Stachys sublobata
- Conservation status: Least Concern (SANBI Red List)

Scientific classification
- Kingdom: Plantae
- Clade: Embryophytes
- Clade: Tracheophytes
- Clade: Angiosperms
- Clade: Eudicots
- Clade: Asterids
- Order: Lamiales
- Family: Lamiaceae
- Genus: Stachys
- Species: S. sublobata
- Binomial name: Stachys sublobata Skan

= Stachys sublobata =

- Genus: Stachys
- Species: sublobata
- Authority: Skan
- Conservation status: LC

Species of plant

Stachys sublobata is a species of hedgenettle endemic to South Africa's Western Cape province.

== Description ==
It is a low-growing, perennial herb with several stems that lie along the ground or rise slightly, reaching up to 0.3 m in length. The stems are sparsely hairy, with occasional longer spreading hairs.

The leaves help distinguish this species from others in the south-west Cape. They are small and borne on short stalks. The blades are fairly thick, narrowly triangular, and often folded along the midrib, measuring 10–15 mm long. They have a heart-shaped base, an acute tip, and deeply scalloped margins with four or five rounded, lobe-like teeth on each side. Leaf surfaces are sparsely hairy, sometimes with small gland dots beneath.
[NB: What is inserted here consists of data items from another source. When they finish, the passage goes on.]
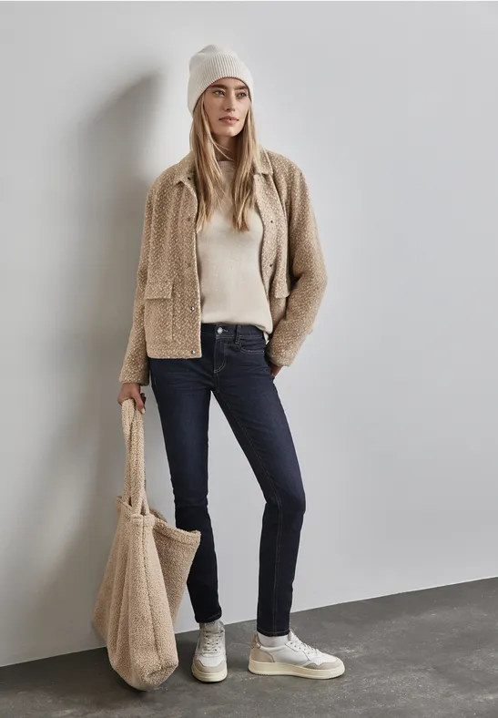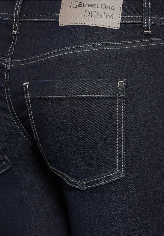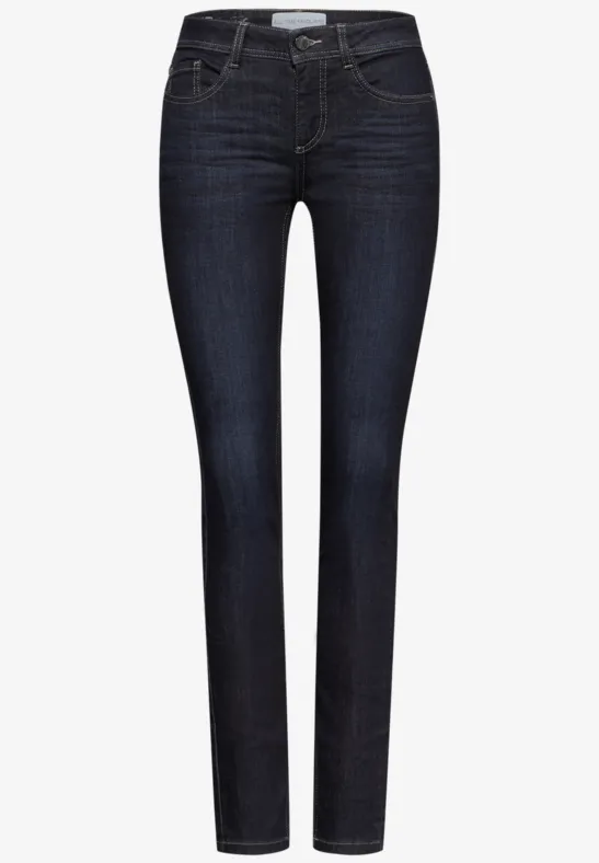 Street One damesjeans slim fit, jeansbroek, middellange taille met slanke pijp, knoop- en ritssluiting, 5-pocket, katoenmix met stretchgehalte
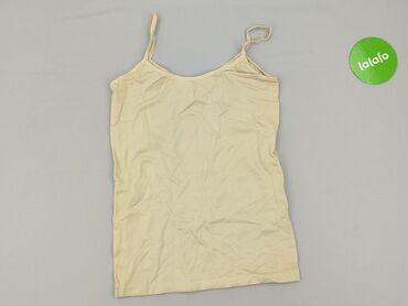 Damski top na ramiączkach w beżowym kolorze, wykonany z prążkowanego materiału. Posiada okrągły dekolt i jest w rozmiarze S. Idealny na co dzień, na lato lub jako element stylizacji warstwowej. Mat...
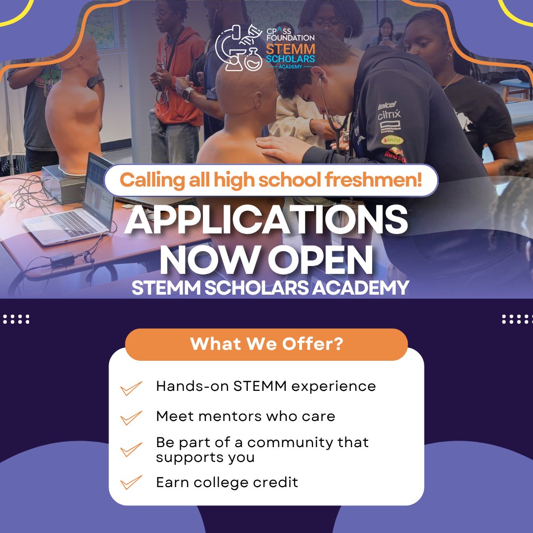 CPASS Foundation @cpassfoundation · Nov 7, 2025 Are you a high school freshman interested in Science, Tech, Engineering, Math or Medicine? Apply to our STEMM Scholars Academy! Visit: hubs.la/Q03SgMrG0 to learn more/apply! - #StemmScholarsAcademy #Summerprogam #HighSchoolProgram #Highschoolers #STEMProgram 15
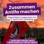 vom Solidaritätsbündnis Antifa Ost am 30.10.2024 Am 21. Oktober 2024 wurde unser Freund und Gefährte Nanuk von Zielfahndern des BKA und des LKA Sachsen in Berlin verhaftet. Sie haben ihn nach Karlsruhe verschleppt, wo ein Bundesrichter seinen Haftbefehl in Vollzug gesetzt hat. Seit Mittwoch befindet sich Nanuk in der JVA Moabit in Berlin – Und genau dort gehen wir hin. Wir rufen alle dazu auf, sich am 02. November 2024 um 17:00 Uhr solidarisch zu zeigen und sich der Demonstration vor der JVA Moabit anzuschließen. Nanuk wird vorgeworfen, Mitglied der sogenannten kriminellen Vereinigung im Antifa Ost-Verfahren zu sein, in dessen […]
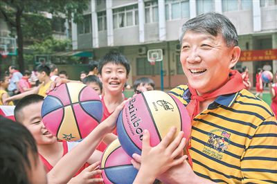 中國籃協(xié)副主席、前中國男籃主帥宮魯鳴日前應(yīng)邀來到廣州,先后在東風(fēng)西路小學(xué)和廣州鐵一中學(xué)與學(xué)生進(jìn)行交流,傳授寶貴的籃球經(jīng)驗(yàn)。
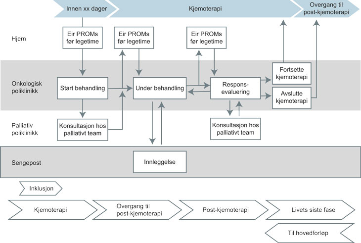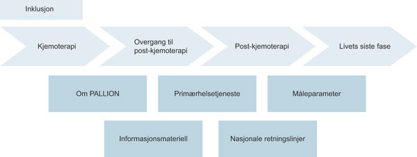 I pallion er det formalisert et samarbeid mellom onkologisk poliklinikk og palliativ poliklinikk basert på Pallionforløpene. Et annet element i Pallion er integrering av palliasjon inn i forløpet mens pasientene får livsforlengende kjemoterapi (se figur 6.3).
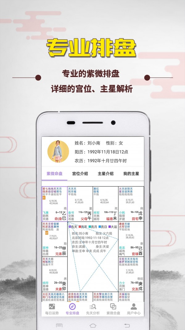 2、以天干地支阴阳五行为基础,通过对星象的分析及人星关系的定位推演紫微排盘及紫微详解;
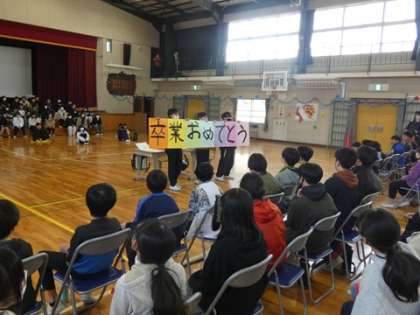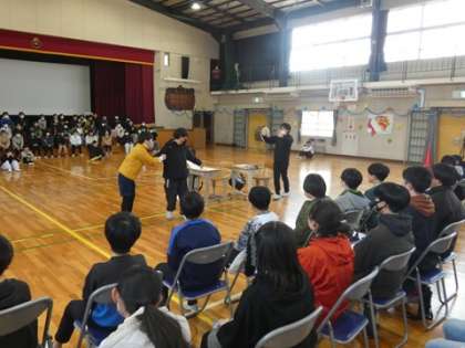 ありがとう集会 5 公開日 2025/02/27 更新日 2025/02/27 お知らせ 最後の出し物は、ありがとう集会の準備や進行、まくまなどを務めてくれた5年生でした。コントはとても面白かったし、歌のプレゼントは気持ちが伝わってきました。
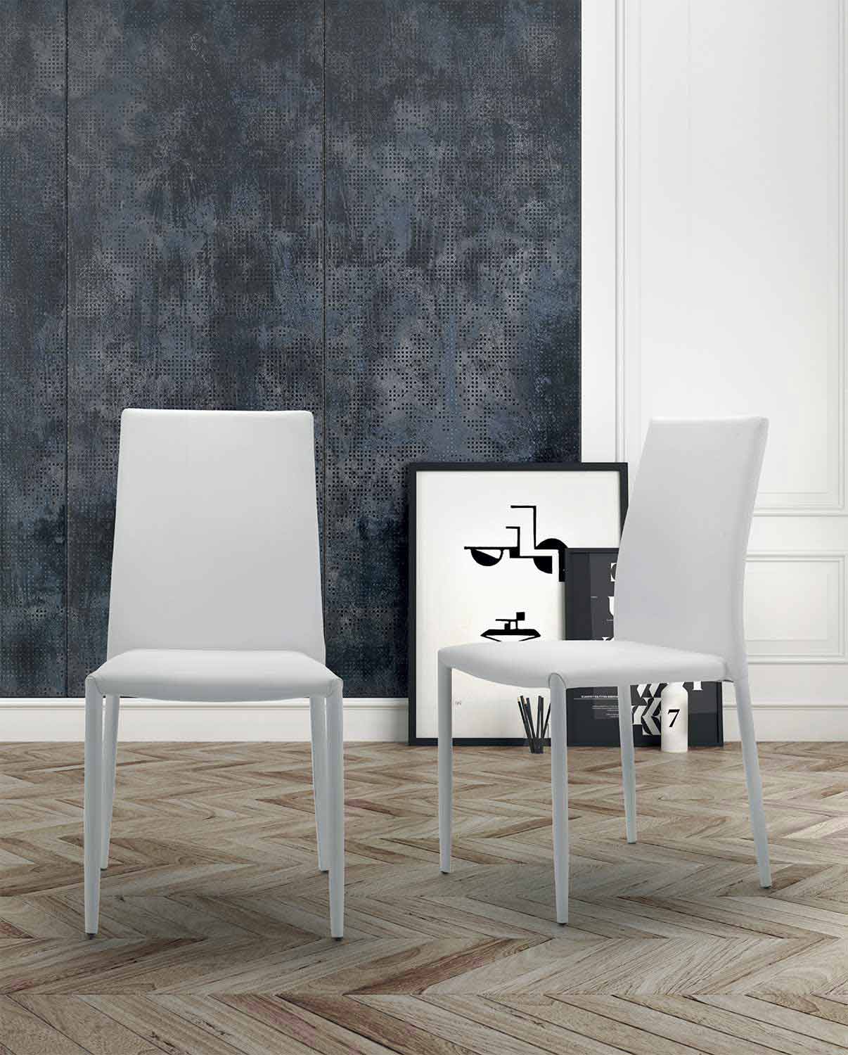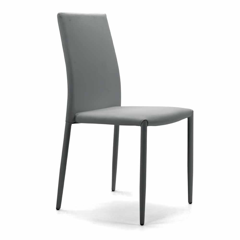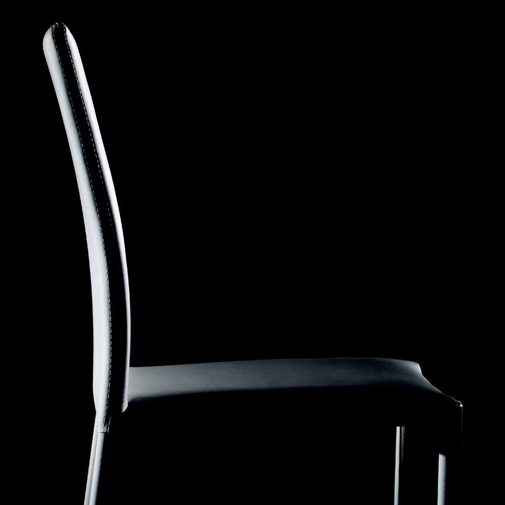 Upholstered chair for luxury dining room, stackable and completely covered in eco-leather; made in Italy.
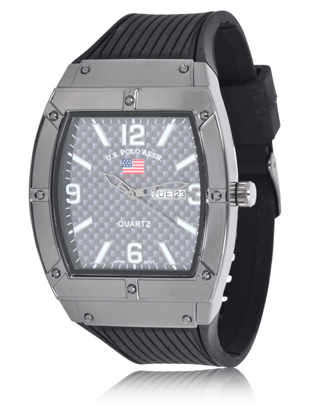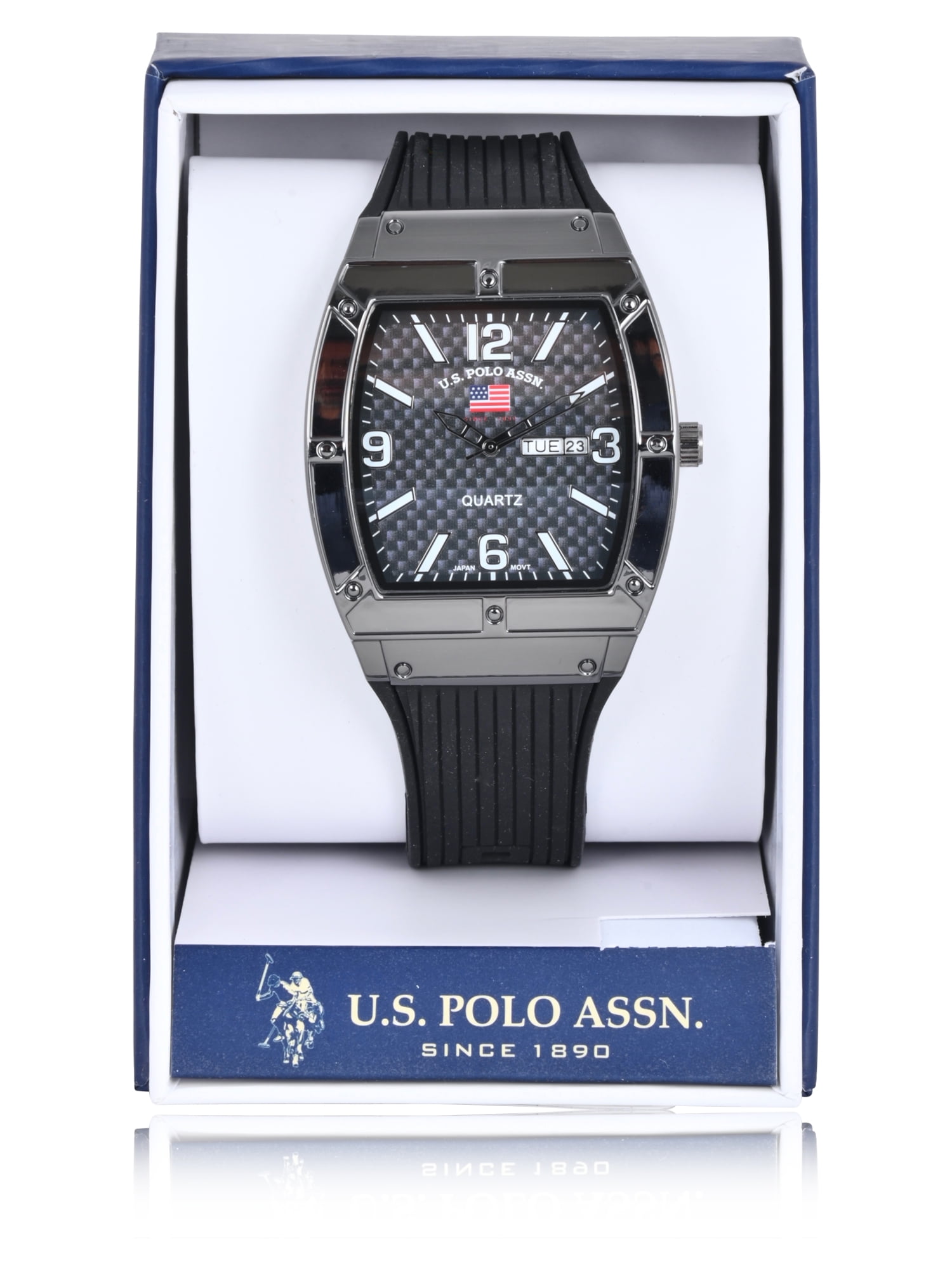• U.S. Polo Assn. Adult Male Analog Watch with Gun Metal Case and Black Silicone Strap – US9797WM. Every moment of your life is precious, and your time is valuable. Our attention to detail is reflected in our craftsmanship from the mechanics to the finish, as we know that our customers will not compromise on style or substance. Each watch is carefully designed and crafted with quality material. This watch is water resistant and can withstands splashes or brief immersion in water, but not suitable for swimming or bathing.
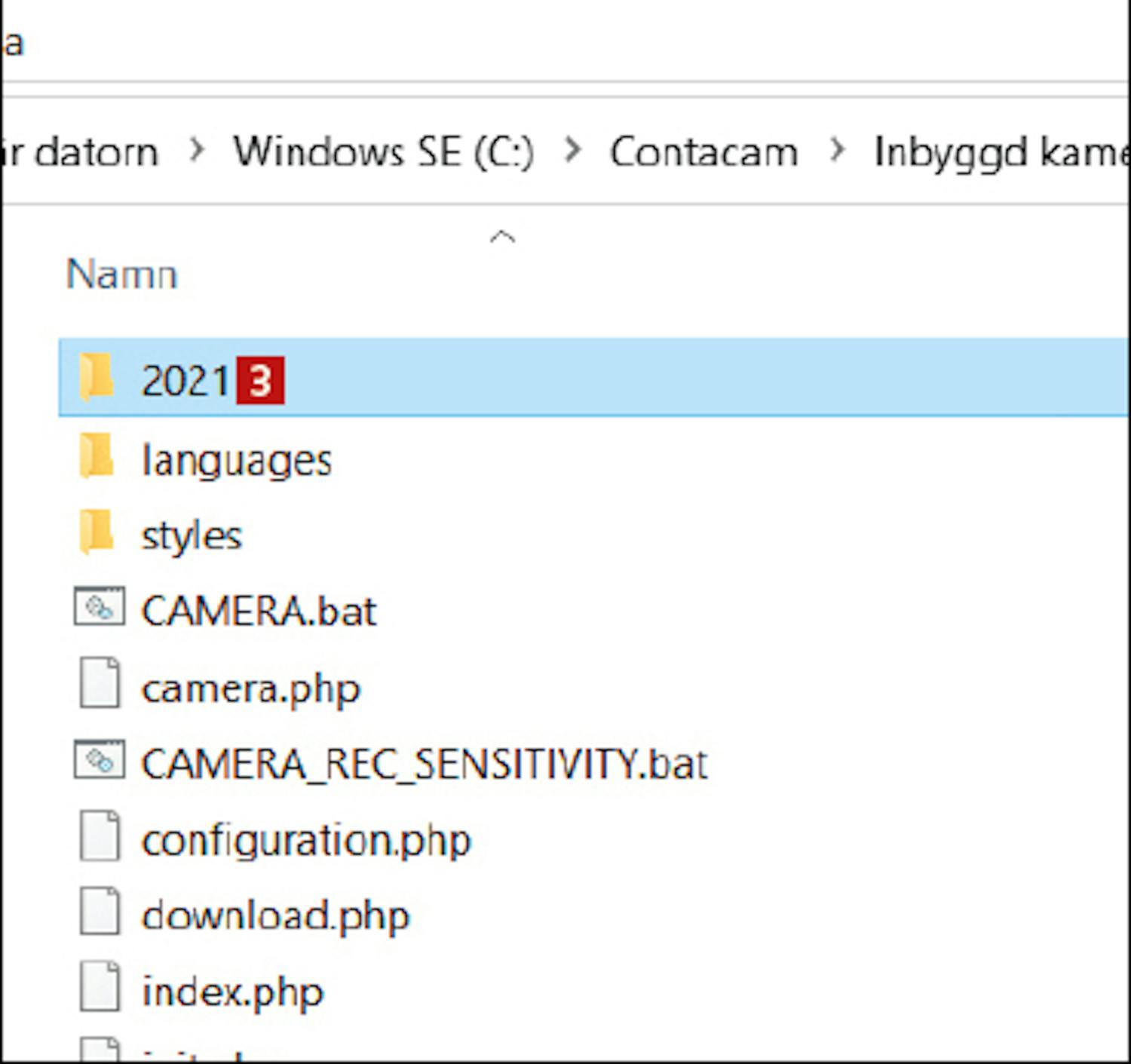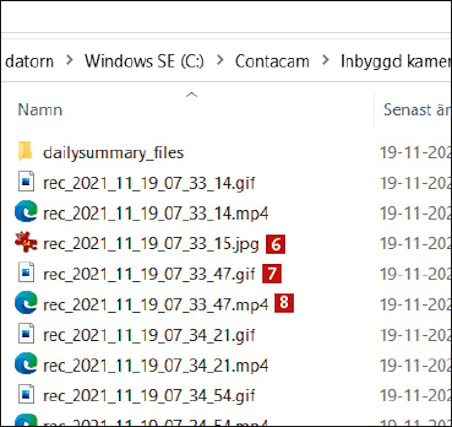 Vi föreställer oss nu att du kommer hem och vill kolla om det har hänt något medan du var borta. Det gör du i programmets mapp i Utforskaren, där videoklipp och foton ligger sorterade efter datum.
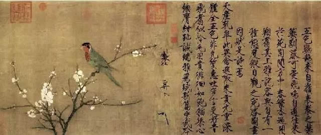 在画作《山禽腊梅图》中,宋徽宗的题诗是:“山禽矜逸态,梅粉弄轻柔。已有丹青约,千秋指白头”。也许在他看来,画画是前世今生的约定,是一辈子至死都不会消逝的挚爱。
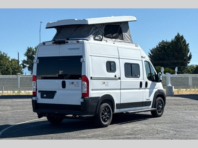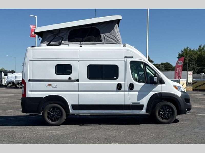If you want the versatility for your backcountry excursions, and the ability to navigate urban areas, then you need one of these Winnebago Solis Pocket Class B gas motorhomes! A Ram ProMaster 3.6L V6 gas engine with 280HP and a 9-speed automatic transmission power these units to your greatest adventures. Some cab conveniences you will appreciate while driving include a radio/rear view monitor system touch screen, pedestrian automatic emergency braking system, and captain chairs that can slide/swivel/recline and have adjustable headrests. Zippered window coverings give you extra privacy and the heavy duty vinyl flooring throughout is sure to hold up through all of your adventures. A rod and privacy screen is provided for the rear annex to hang your wet clothes or even use as an outdoor shower. Navigate your next adventure with a Solis Pocket!
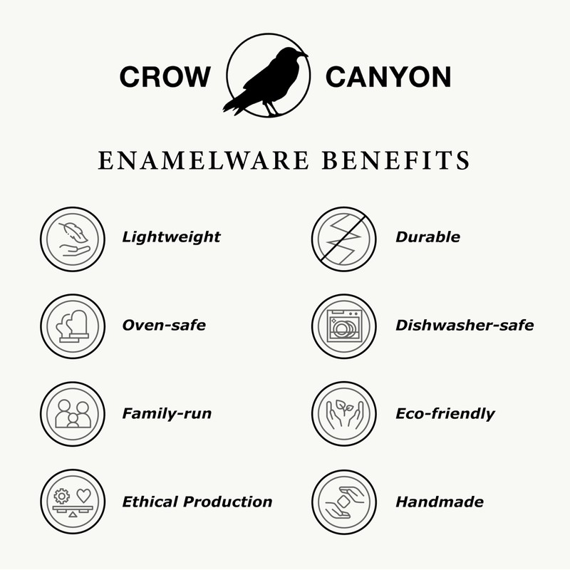 Care & Use Instructions: All Crow Canyon Home Enamelware is dishwasher safe and okay to use on a grill, stovetop, campfire, or in an oven. Enamelware is NOT intended for microwave use. Avoid using abrasive cleansers or hard water stain removers on its surface.
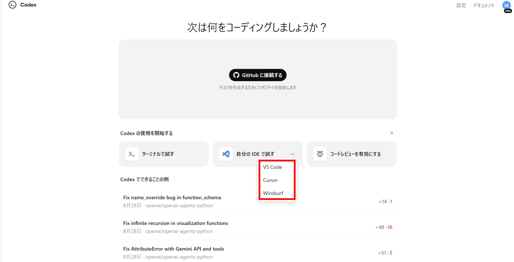 CodexはVS Code、Cursor、Windsurfで利用可能です。

The flowers are arranged in a loose inflorescence of a few whorls, each bearing two (occasionally up to six) flowers. The calyx is thinly hairy and glandular. The corolla is mauve, with a short tube and two lips, the lower lip longer and curved downward.

Stachys sublobata flowers from September to March.

==Distribution and habitat==
Strachys sublobata is found in fynbos on sandstone slopes at elevations of 300–900 m from Robertson and Caledon to Mossel Bay, inland to Ladismith and Oudtshoorn.